Starkes ETH-Engagement

Nach dem Rücktritt von Hans Hofer übernahm Felicitas Pauss die Leitung der ETH-Gruppe und konzentrierte sich vor allem auf den Bau des hoch spezialisierten Kristall-Kalorimeters, einem Herzstück des CMS-Detektors. Für dieses Kristallkalorimeter, das aus rund 76'000 Blei-Wolframat-Kristallen besteht, leisteten Felicitas Pauss zusammen mit weiteren ETH-Physikern bereits in der Forschungs- und Entwicklungsphase wichtige Beiträge. In der Bauphase waren sie mitverantwortlich für die Charakterisierung der Kristalle, den Bau bestimmter Elektronikkomponenten, die Integration der Elektronik und die Inbetriebnahme. Von 2001 bis 2008 war Felicitas Pauss verantwortlich für alle wissenschaftlichen, technischen und finanziellen Belange rund um das CMS-Engagement der ETH Zürich.

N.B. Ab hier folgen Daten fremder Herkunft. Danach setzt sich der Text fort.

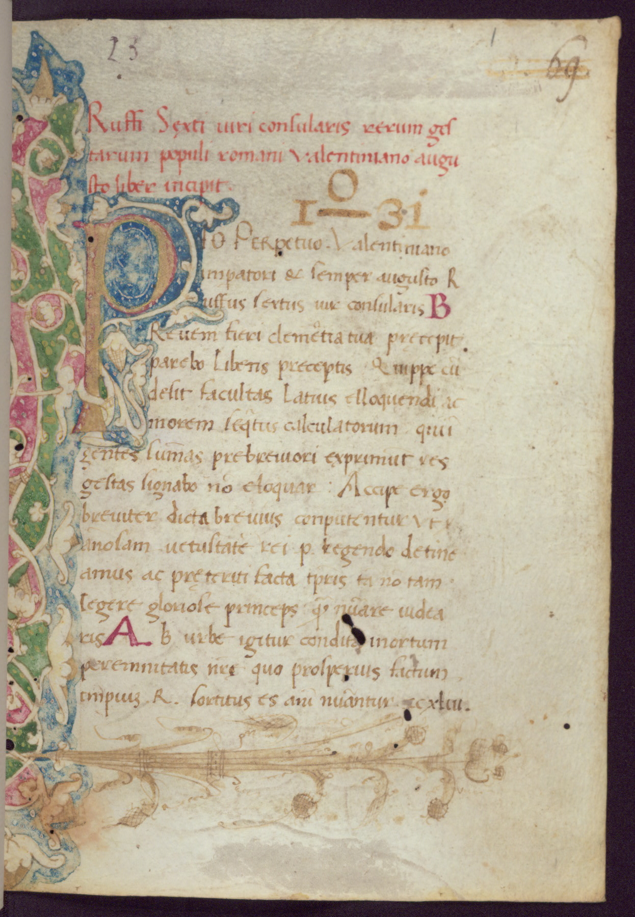 - Rubric: Ruffi Sexti viri consularis rerum gestarum populi romani Valentiniano augusto liber incipit

Neben ihrer wissenschaftlichen Funktion nahm die Professorin innerhalb der CMS-Kollaboration auch Managementfunktionen wahr, etwa als Mitglied des Vorsitzes.

Mit Abschluss der Aufbauarbeit des Kalorimeters und des CMS hat sie im Cern eine neue, wichtige Aufgabe übernommen: Seit 2009 ist sie zuständig für internationalen Beziehungen und damit Mitglied des Cern-Managements.

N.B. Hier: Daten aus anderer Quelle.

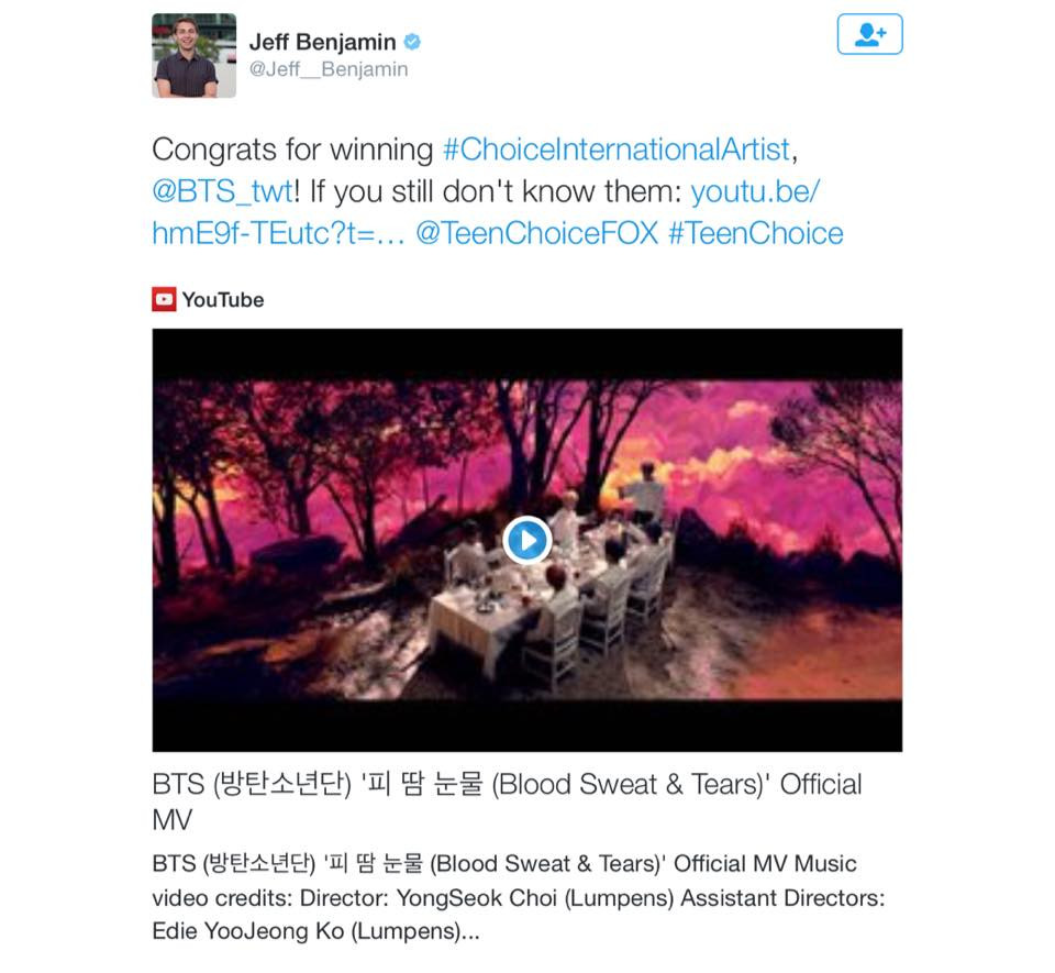Thành viên Joel Pimentel của nhóm nhạc CNCO, MC Liam McEwan, Clevver TV, Jeff Benjamin,... đã tweet chúc mừng BTS thắng giải thưởng này.

Grosse Verantwortung für Daten

Deutliche Spuren führen aber auch zu Günther Dissertori, seit 2001 Professor für Teilchenphysik der ETH Zürich. Von Beginn an war er für das Detektorkontrollsystem des Kristallkalorimeters verantwortlich. Von 2010 bis 2011 war er stellvertretender wissenschaftlicher Koordinator. In dieser Funktion war er auch dafür verantwortlich, Resultate, die nach aussen getragen wurden, zu sichten und letztlich zu entscheiden, ob sie veröffentlicht werden durften. «Damit war eine grosse Verantwortung verbunden», sagt Dissertori, «diese wurde allerdings auf Konsens ausgelegt.» Turnusgemäss gab er dieses Amt Ende 2011 ab. Mittlerweile steht er dem sogenannten ECAL Institution Board vor, einem Gremium, das alle am Bau des Kristallkalorimeters beteiligten Institute vereint. Er konzentriert sich auf alle Aspekte des Kalorimeters und kümmert sich um die Zusammenarbeit der beteiligten Wissenschaftler.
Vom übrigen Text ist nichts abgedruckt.